_SOURCE RECORDS:_
-- Opening Marker --

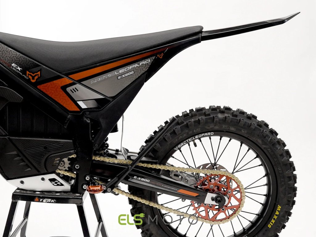 Arctic Leopard E-X 800 představuje vyváženou a technicky precizní alternativu k vrcholnému modelu E-XE880. Konstrukčně vychází ze stejné platformy Arctic Leopard E-X 800 je čistokrevná off-road elektromotorka spadající do kategorie mid size. Konstrukčně vychází z trialové platformy s delšími zdvihy odpružení a enduro ergonomií, díky čemuž nabízí mimořádnou obratnost, nízké těžiště a přesné ovládání i v extrémně technickém terénu.
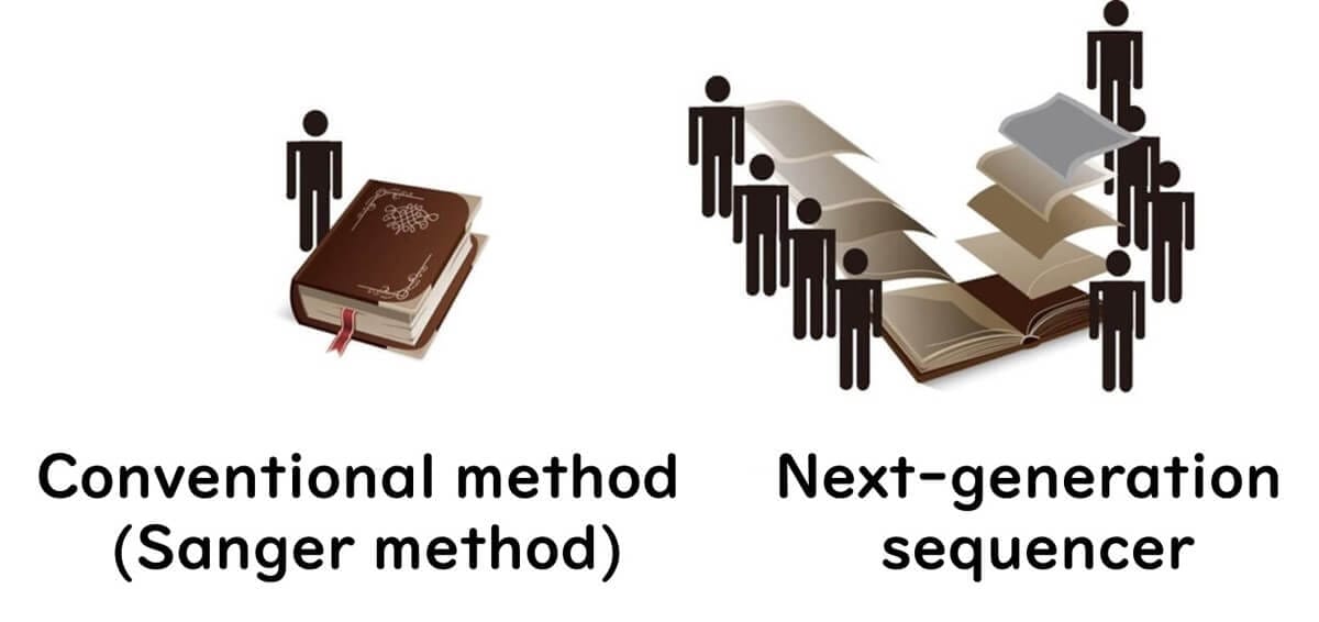 In contrast, NGS works like giving each page to thousands of readers, allowing the book to be fully read in a single day.
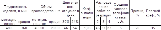 Дотпусков =(30%*46+24%*54)/100 = 27 Тср раб. дня = (Фном. - Дпредпр.)*8 + Дпредпр.*7 (3.1) Тср раб. дня = ((303-7)*8+7*7)/303 = 7,98 Фэф. = Фяв. * Тср раб. дня (3.2) Фэф. = 266*7,977 = 2121,85 3.2 Расчёт численности рабочих Таблица 3.4Расчёт трудоёмкости производственной программы предприятия
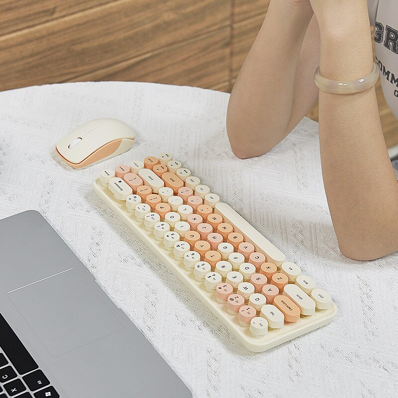 MOFII Wireless Keyboard and Mouse, Cute Colorful 68 Round Keycap Compact Keyboard for Computer, Computer, Desktop, Laptop
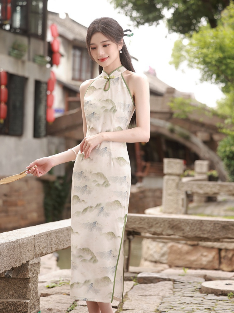 Embrace the classic aesthetics of the new era with our New Chinese Sleeveless Cheongsam. The cleverly concealed invisible zipper design flawlessly showcases your perfect curves. The retro stand-up collar design is both simple and fashionable, exuding a unique charm. Meanwhile, the sexy slit design allows you to maintain a slim figure while exuding a romantic vintage vibe.
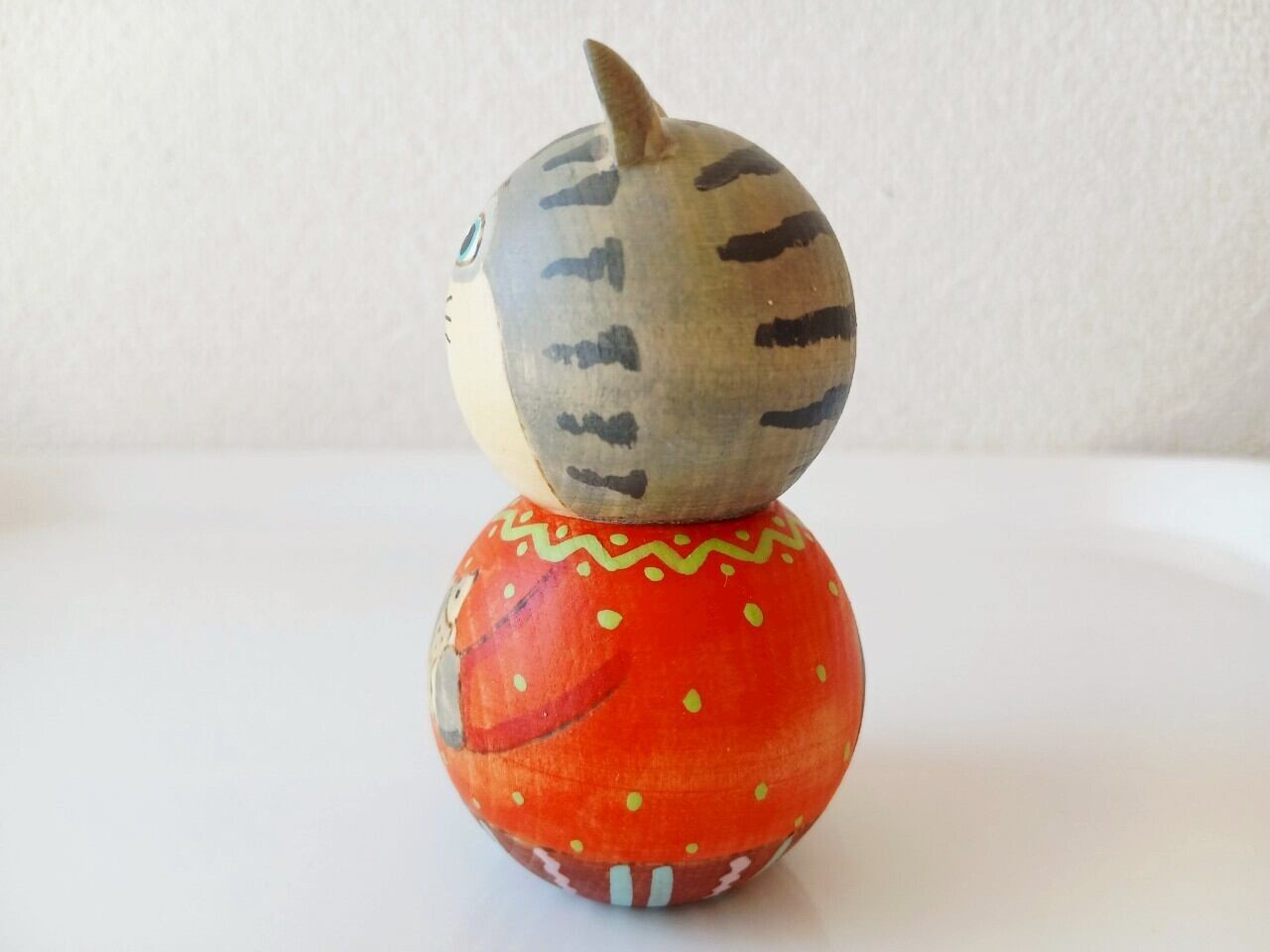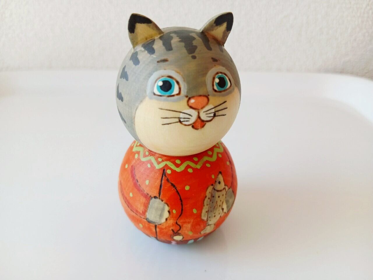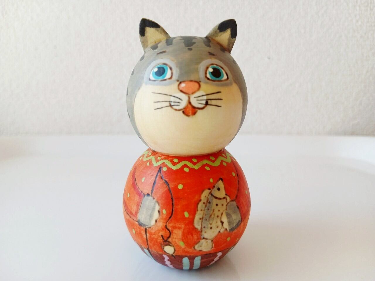 【LYH153】北欧ロシア雑貨 リューバ作 木製人形 釣りをするネコ
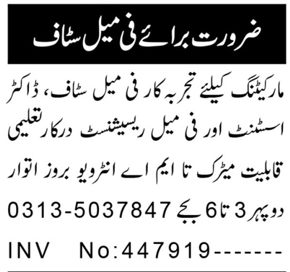Doctor Assistant & Marketing Officer Jobs 2026 In Peshawar
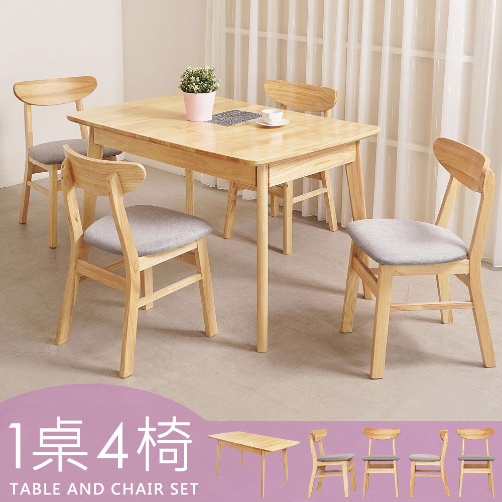 【Homelike】喜家居實木可延伸餐桌椅組(一桌四椅)-四灰椅(2314-22)
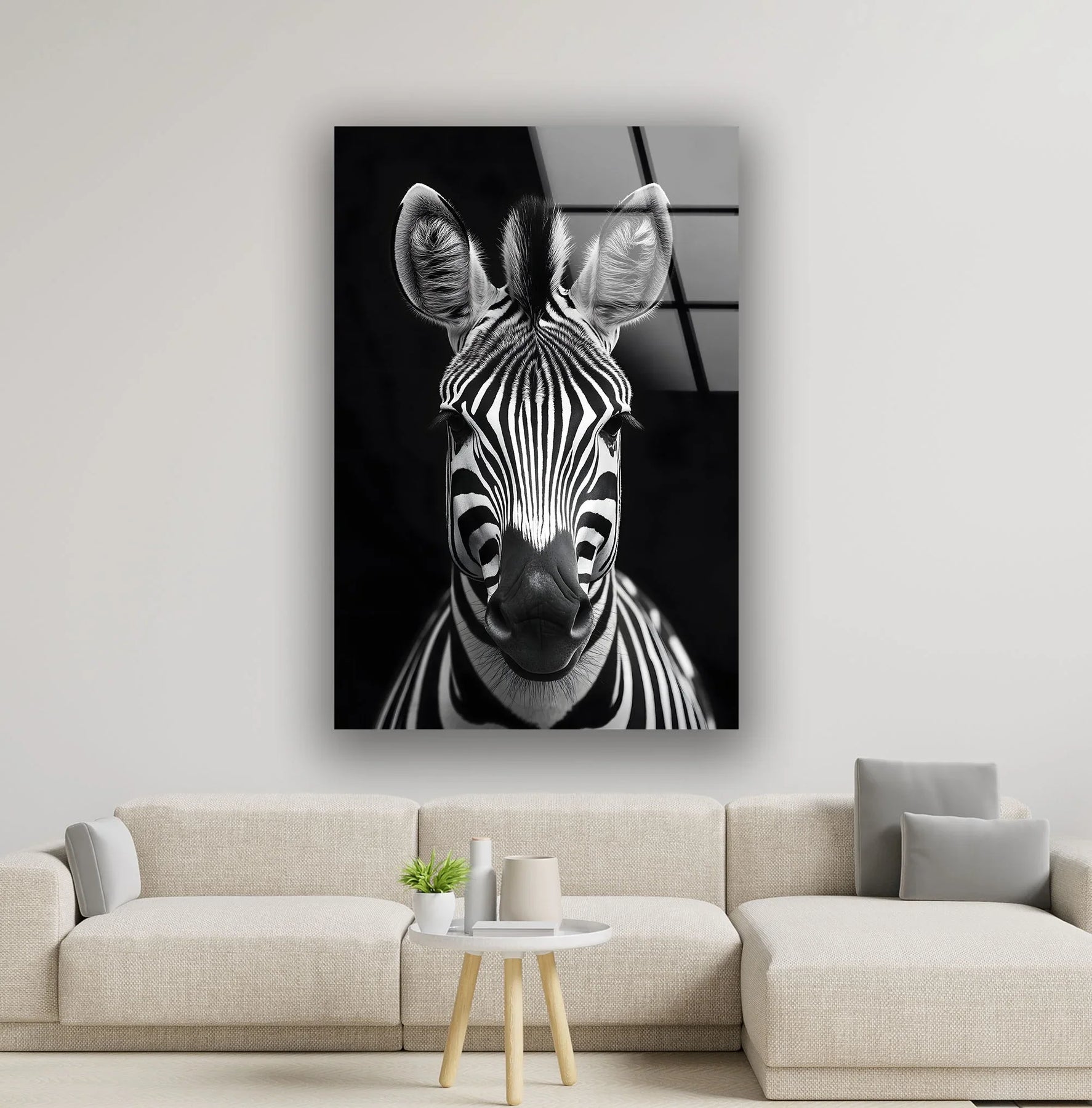 Monochrome zebra artwork on tempered glass showcasing the animal’s symmetrical stripe pattern and expressive ears.
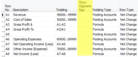 Use show opposite sign to reflect net income correctly on an income statement using NAV account schedules

-- Closing Marker --

_TASK TO COMPLETE:_
Output only the lines from the start of the data through the line that holds "In contrast, NGS". Keep them exact and leave the pictures out.

_RESPONSE TO THE TASK:_
 Arctic Leopard E-X 800 představuje vyváženou a technicky precizní alternativu k vrcholnému modelu E-XE880. Konstrukčně vychází ze stejné platformy Arctic Leopard E-X 800 je čistokrevná off-road elektromotorka spadající do kategorie mid size. Konstrukčně vychází z trialové platformy s delšími zdvihy odpružení a enduro ergonomií, díky čemuž nabízí mimořádnou obratnost, nízké těžiště a přesné ovládání i v extrémně technickém terénu.
 In contrast, NGS works like giving each page to thousands of readers, allowing the book to be fully read in a single day.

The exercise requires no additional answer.